**Data for this task:**
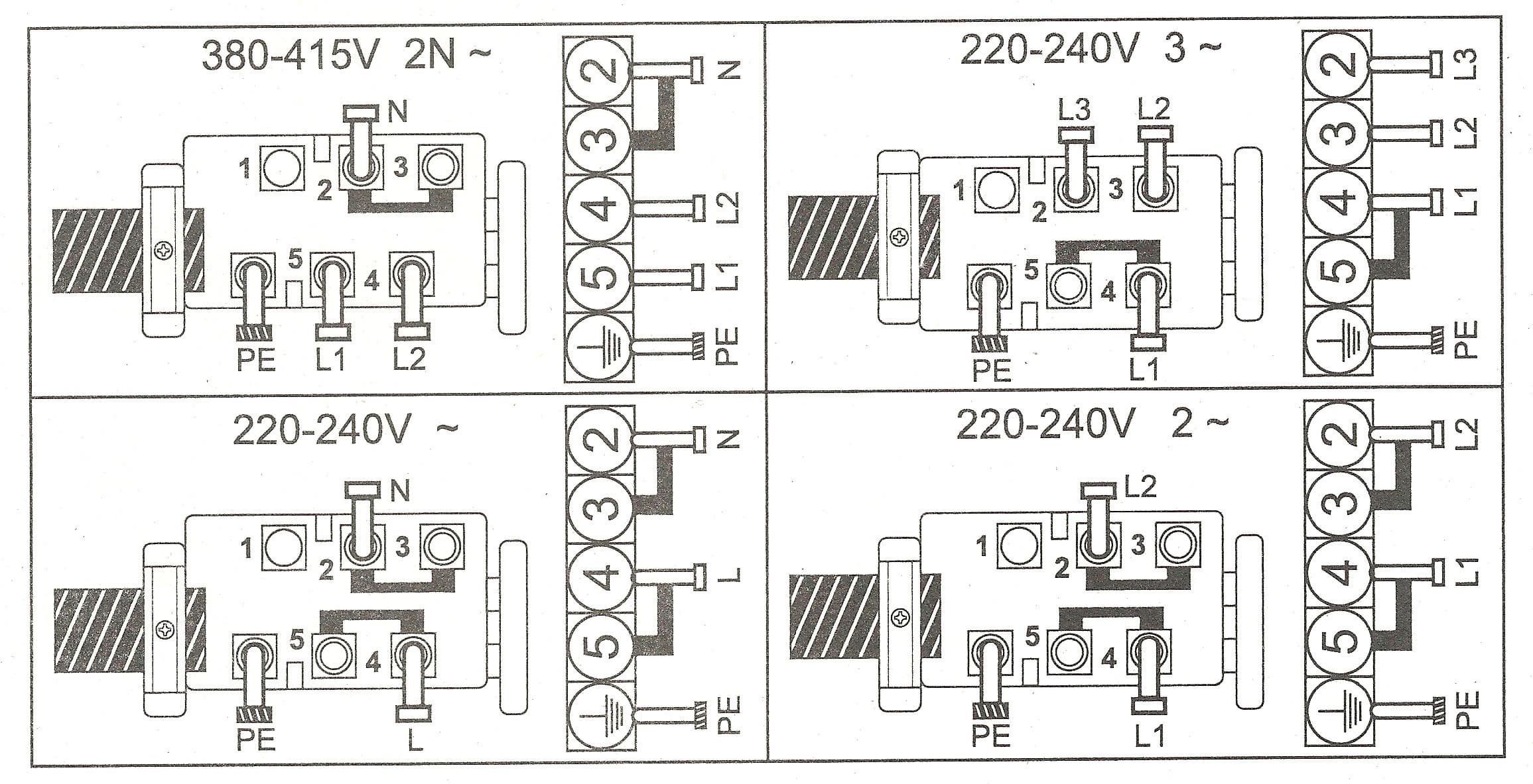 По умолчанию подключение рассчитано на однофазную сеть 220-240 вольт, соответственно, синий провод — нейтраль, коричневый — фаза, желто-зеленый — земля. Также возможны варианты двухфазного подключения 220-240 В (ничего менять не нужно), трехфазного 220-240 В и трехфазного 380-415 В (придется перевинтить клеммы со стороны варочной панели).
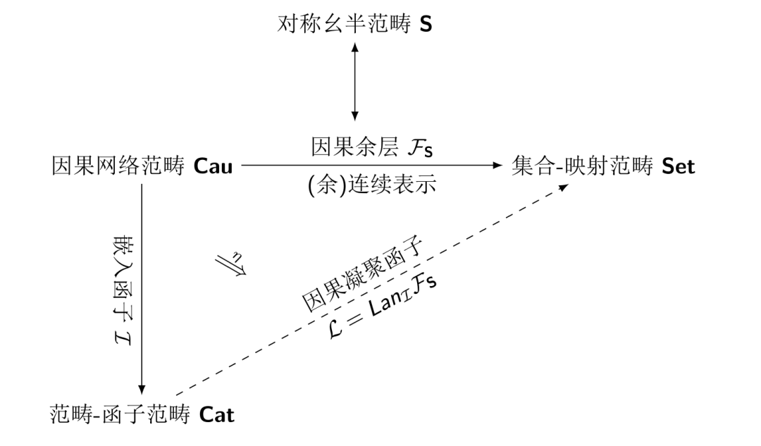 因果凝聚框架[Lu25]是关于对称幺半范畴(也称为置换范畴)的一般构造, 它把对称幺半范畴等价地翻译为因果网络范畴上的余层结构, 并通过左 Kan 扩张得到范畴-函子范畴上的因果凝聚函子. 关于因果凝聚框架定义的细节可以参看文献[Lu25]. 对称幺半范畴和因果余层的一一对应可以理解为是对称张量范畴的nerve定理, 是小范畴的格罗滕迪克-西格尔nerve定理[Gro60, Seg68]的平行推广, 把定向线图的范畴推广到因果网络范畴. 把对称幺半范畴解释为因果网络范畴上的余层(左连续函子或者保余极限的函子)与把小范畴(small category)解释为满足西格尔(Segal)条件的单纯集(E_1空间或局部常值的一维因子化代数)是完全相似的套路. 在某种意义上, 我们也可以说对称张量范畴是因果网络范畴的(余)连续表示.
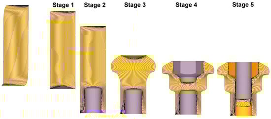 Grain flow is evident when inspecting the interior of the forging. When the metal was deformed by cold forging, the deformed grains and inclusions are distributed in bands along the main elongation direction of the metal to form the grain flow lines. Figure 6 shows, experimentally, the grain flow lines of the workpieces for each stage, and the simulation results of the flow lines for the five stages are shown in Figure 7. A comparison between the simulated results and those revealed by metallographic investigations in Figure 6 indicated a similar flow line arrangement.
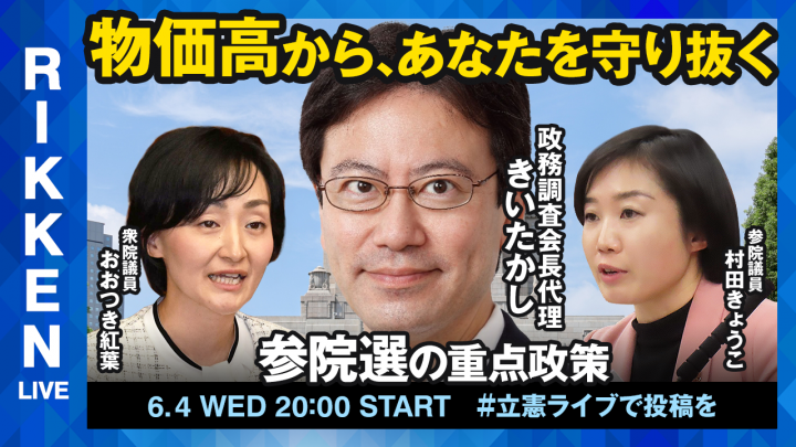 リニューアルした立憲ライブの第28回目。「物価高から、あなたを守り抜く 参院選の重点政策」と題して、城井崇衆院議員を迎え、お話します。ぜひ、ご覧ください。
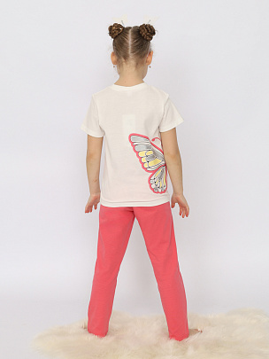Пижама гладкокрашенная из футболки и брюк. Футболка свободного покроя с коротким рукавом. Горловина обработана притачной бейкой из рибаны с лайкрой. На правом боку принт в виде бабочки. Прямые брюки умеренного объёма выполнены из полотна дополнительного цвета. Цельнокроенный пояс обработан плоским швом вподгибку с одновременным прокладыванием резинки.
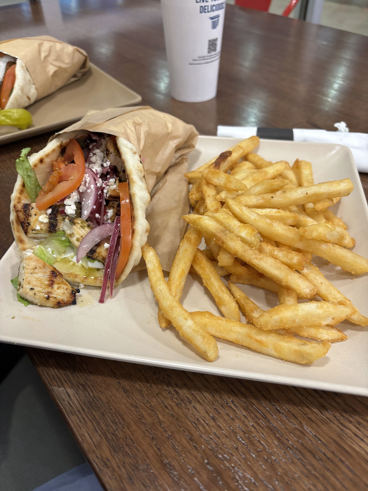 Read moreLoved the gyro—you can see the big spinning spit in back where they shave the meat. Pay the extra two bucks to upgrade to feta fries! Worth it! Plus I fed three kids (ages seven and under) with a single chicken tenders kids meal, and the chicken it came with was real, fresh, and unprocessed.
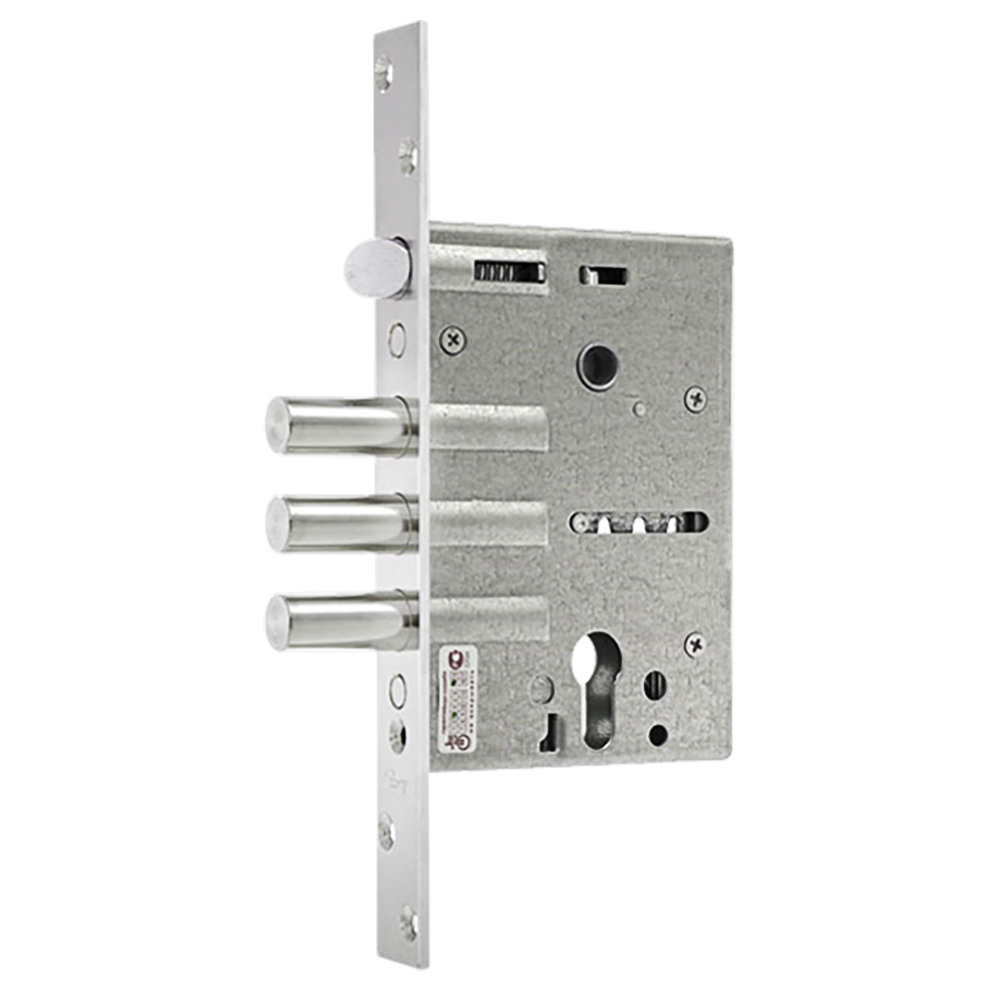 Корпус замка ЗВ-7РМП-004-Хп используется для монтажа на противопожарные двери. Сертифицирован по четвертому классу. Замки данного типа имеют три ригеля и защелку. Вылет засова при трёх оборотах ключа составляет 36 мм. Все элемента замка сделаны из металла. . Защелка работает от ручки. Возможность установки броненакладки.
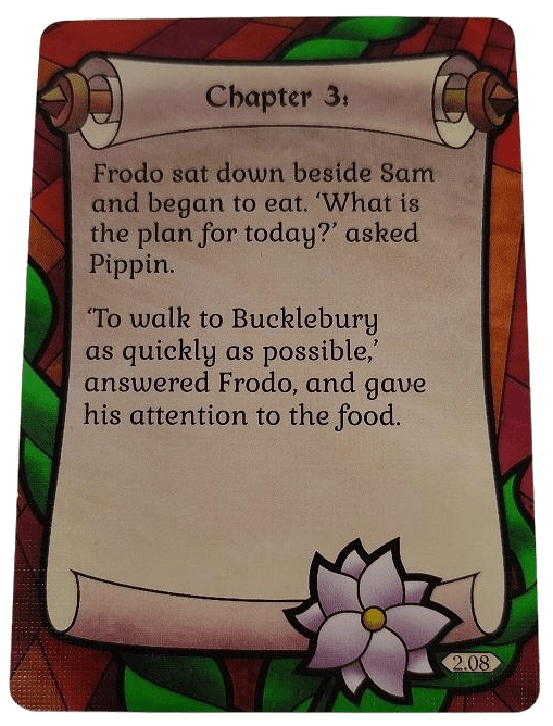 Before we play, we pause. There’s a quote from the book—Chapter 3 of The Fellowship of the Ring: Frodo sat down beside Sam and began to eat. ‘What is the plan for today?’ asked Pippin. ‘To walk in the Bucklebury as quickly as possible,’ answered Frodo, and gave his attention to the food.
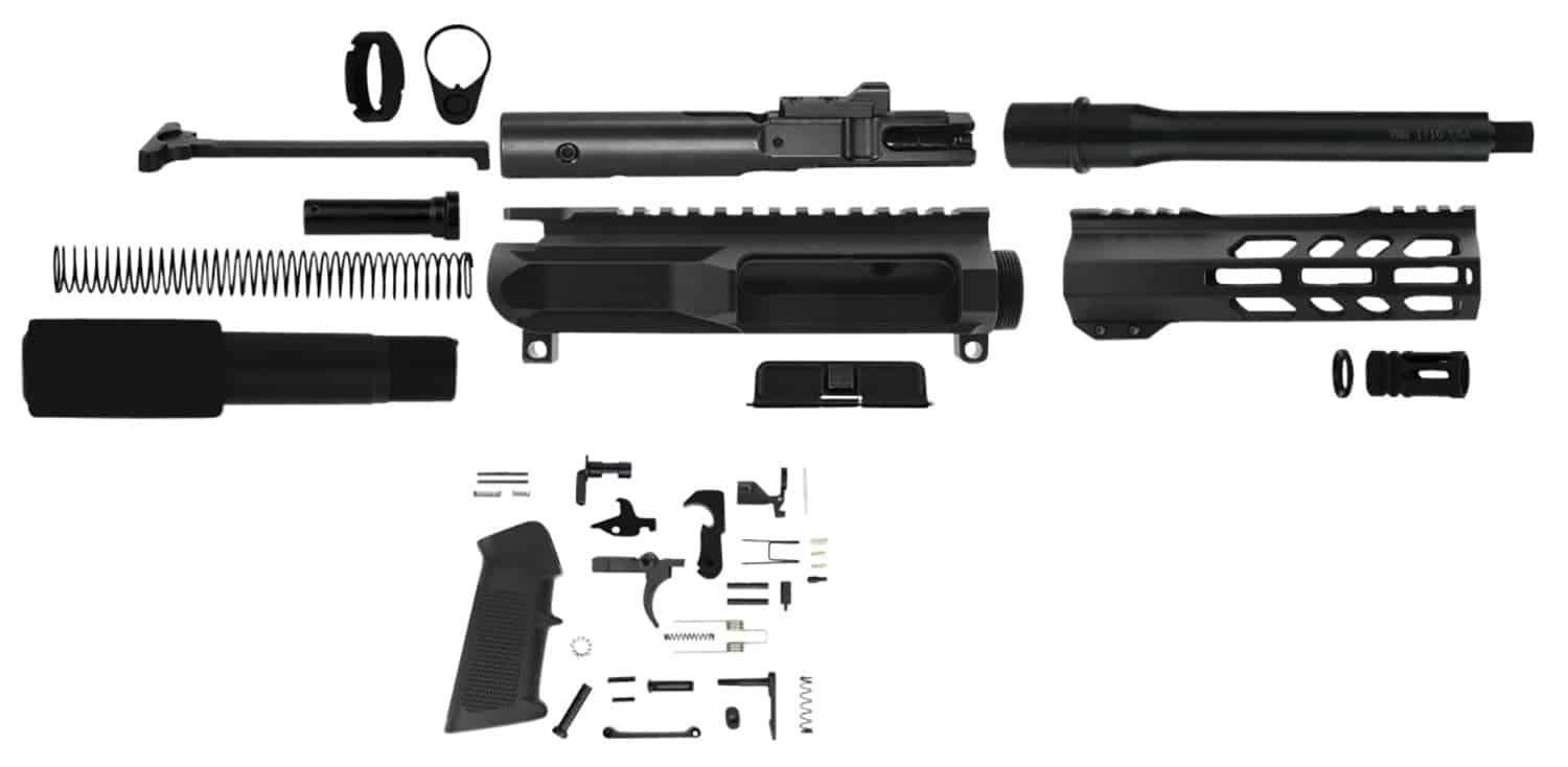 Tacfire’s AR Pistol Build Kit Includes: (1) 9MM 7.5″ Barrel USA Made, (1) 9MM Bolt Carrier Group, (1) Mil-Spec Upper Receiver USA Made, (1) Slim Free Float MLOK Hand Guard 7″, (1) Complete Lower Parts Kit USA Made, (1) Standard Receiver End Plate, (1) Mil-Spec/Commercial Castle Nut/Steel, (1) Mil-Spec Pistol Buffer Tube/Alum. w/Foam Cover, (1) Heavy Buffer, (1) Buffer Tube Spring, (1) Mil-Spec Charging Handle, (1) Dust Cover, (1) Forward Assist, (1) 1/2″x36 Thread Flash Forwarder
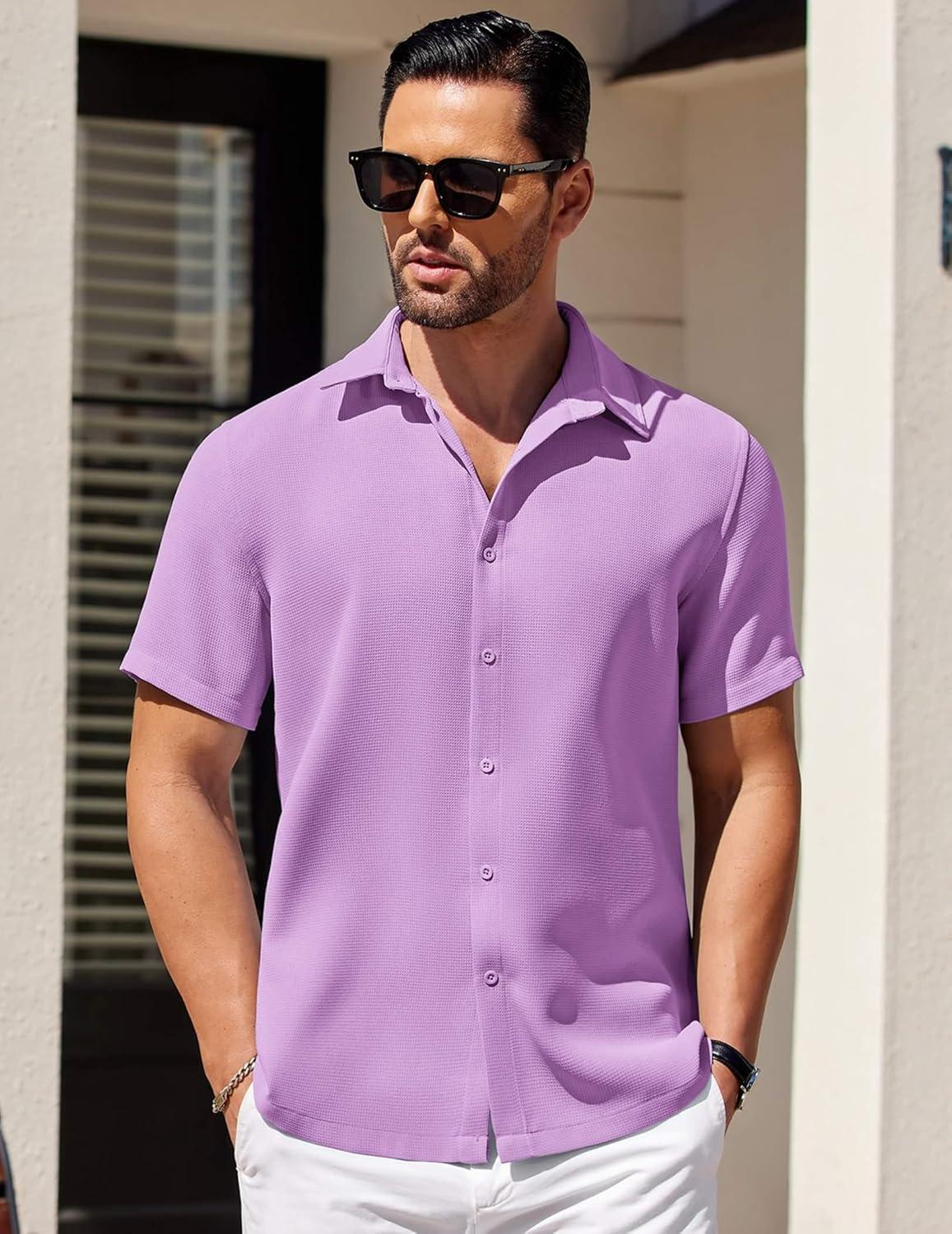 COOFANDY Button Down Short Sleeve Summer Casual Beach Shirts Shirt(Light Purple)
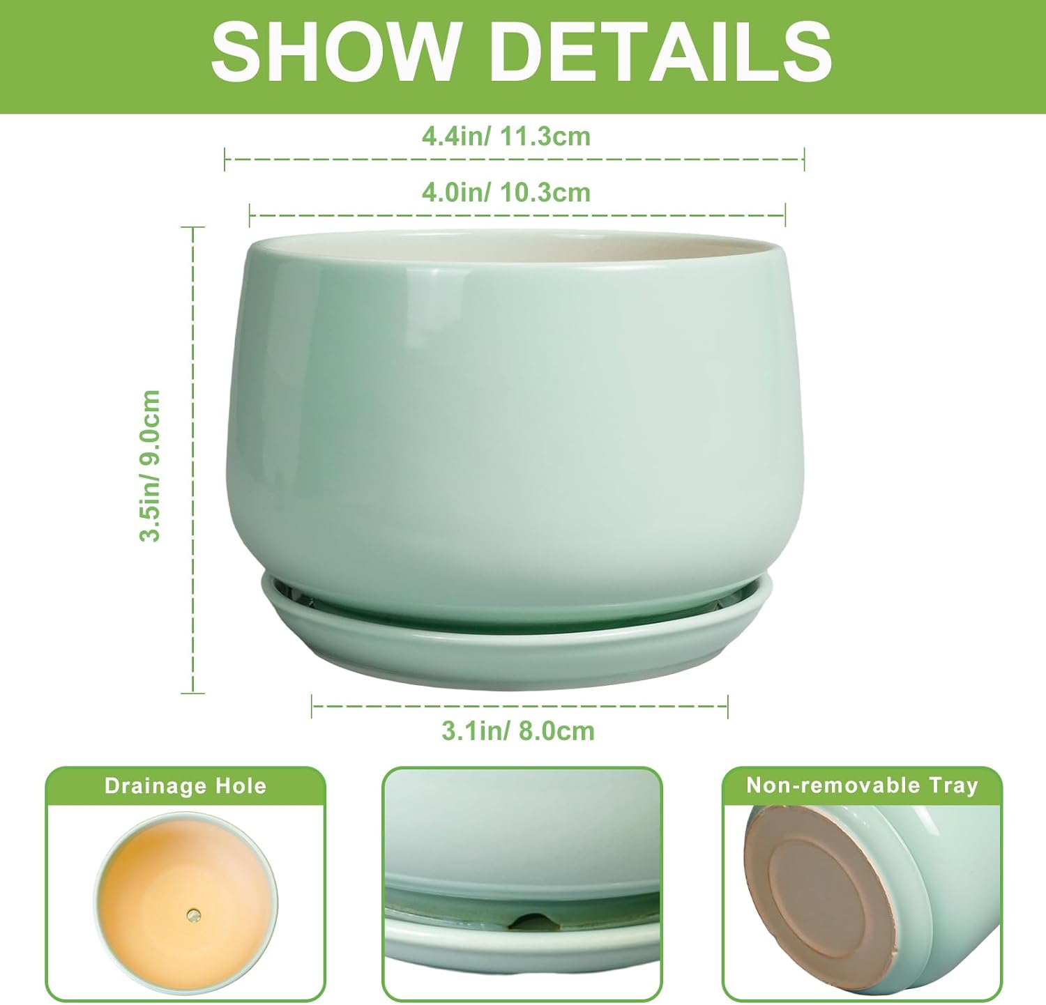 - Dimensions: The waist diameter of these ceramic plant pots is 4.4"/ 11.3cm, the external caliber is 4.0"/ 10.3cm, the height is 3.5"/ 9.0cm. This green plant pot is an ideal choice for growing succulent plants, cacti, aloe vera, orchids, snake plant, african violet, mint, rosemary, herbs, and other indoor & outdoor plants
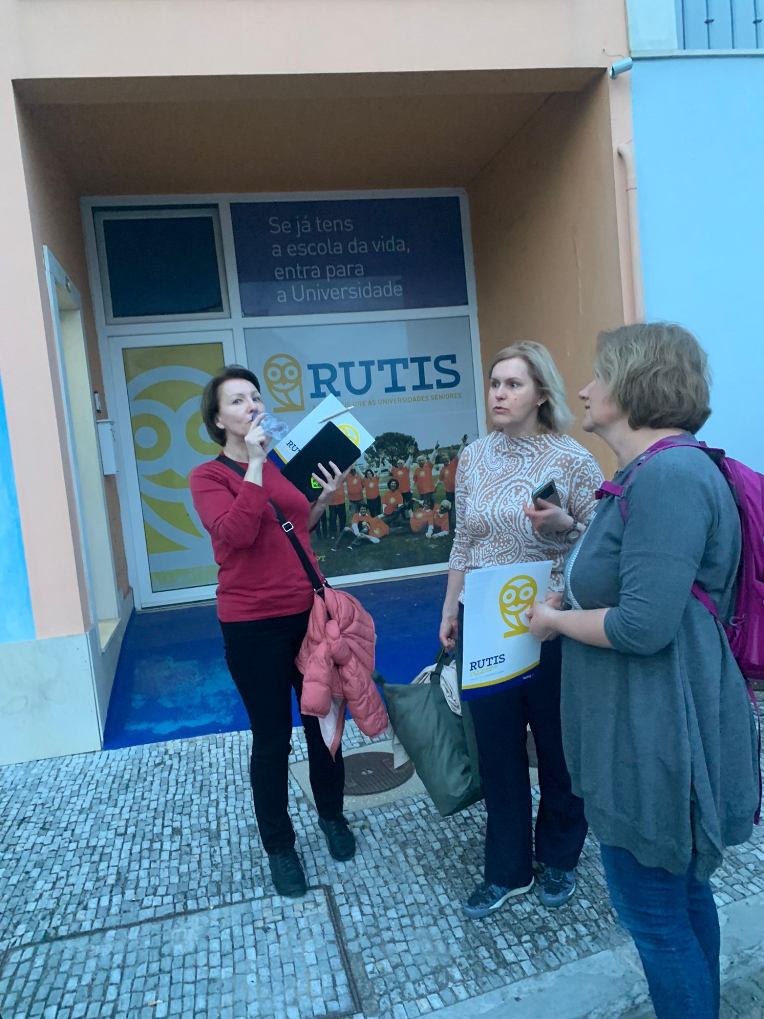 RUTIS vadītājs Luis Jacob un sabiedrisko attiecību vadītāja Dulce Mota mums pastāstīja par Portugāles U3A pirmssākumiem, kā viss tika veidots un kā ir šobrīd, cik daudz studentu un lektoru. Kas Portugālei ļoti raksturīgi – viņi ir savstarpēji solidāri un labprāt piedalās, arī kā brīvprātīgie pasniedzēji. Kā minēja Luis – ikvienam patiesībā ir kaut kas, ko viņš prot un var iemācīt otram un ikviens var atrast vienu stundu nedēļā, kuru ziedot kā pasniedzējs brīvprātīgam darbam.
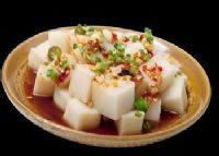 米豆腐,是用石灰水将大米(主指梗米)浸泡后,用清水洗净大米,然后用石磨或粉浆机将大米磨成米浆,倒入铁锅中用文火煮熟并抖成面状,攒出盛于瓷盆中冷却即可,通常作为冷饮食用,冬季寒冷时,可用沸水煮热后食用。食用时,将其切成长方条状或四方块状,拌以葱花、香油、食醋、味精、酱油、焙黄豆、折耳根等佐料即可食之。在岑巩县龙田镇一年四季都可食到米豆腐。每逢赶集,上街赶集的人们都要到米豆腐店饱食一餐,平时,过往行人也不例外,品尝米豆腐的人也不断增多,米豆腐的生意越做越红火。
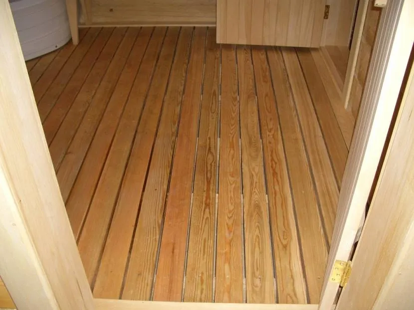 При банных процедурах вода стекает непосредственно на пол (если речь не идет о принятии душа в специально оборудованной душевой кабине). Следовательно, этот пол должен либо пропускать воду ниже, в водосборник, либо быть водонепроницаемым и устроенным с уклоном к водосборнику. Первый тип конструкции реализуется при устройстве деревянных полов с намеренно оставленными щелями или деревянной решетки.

**Assignment:**
Could you write out exactly the lines of the data above that run from the one holding "- Dimensions: The" to the one holding "米豆腐,是用石灰水将大米(主", with both ends in and all pictures out?

**Answer to this task:**
 - Dimensions: The waist diameter of these ceramic plant pots is 4.4"/ 11.3cm, the external caliber is 4.0"/ 10.3cm, the height is 3.5"/ 9.0cm. This green plant pot is an ideal choice for growing succulent plants, cacti, aloe vera, orchids, snake plant, african violet, mint, rosemary, herbs, and other indoor & outdoor plants
 RUTIS vadītājs Luis Jacob un sabiedrisko attiecību vadītāja Dulce Mota mums pastāstīja par Portugāles U3A pirmssākumiem, kā viss tika veidots un kā ir šobrīd, cik daudz studentu un lektoru. Kas Portugālei ļoti raksturīgi – viņi ir savstarpēji solidāri un labprāt piedalās, arī kā brīvprātīgie pasniedzēji. Kā minēja Luis – ikvienam patiesībā ir kaut kas, ko viņš prot un var iemācīt otram un ikviens var atrast vienu stundu nedēļā, kuru ziedot kā pasniedzējs brīvprātīgam darbam.
 米豆腐,是用石灰水将大米(主指梗米)浸泡后,用清水洗净大米,然后用石磨或粉浆机将大米磨成米浆,倒入铁锅中用文火煮熟并抖成面状,攒出盛于瓷盆中冷却即可,通常作为冷饮食用,冬季寒冷时,可用沸水煮热后食用。食用时,将其切成长方条状或四方块状,拌以葱花、香油、食醋、味精、酱油、焙黄豆、折耳根等佐料即可食之。在岑巩县龙田镇一年四季都可食到米豆腐。每逢赶集,上街赶集的人们都要到米豆腐店饱食一餐,平时,过往行人也不例外,品尝米豆腐的人也不断增多,米豆腐的生意越做越红火。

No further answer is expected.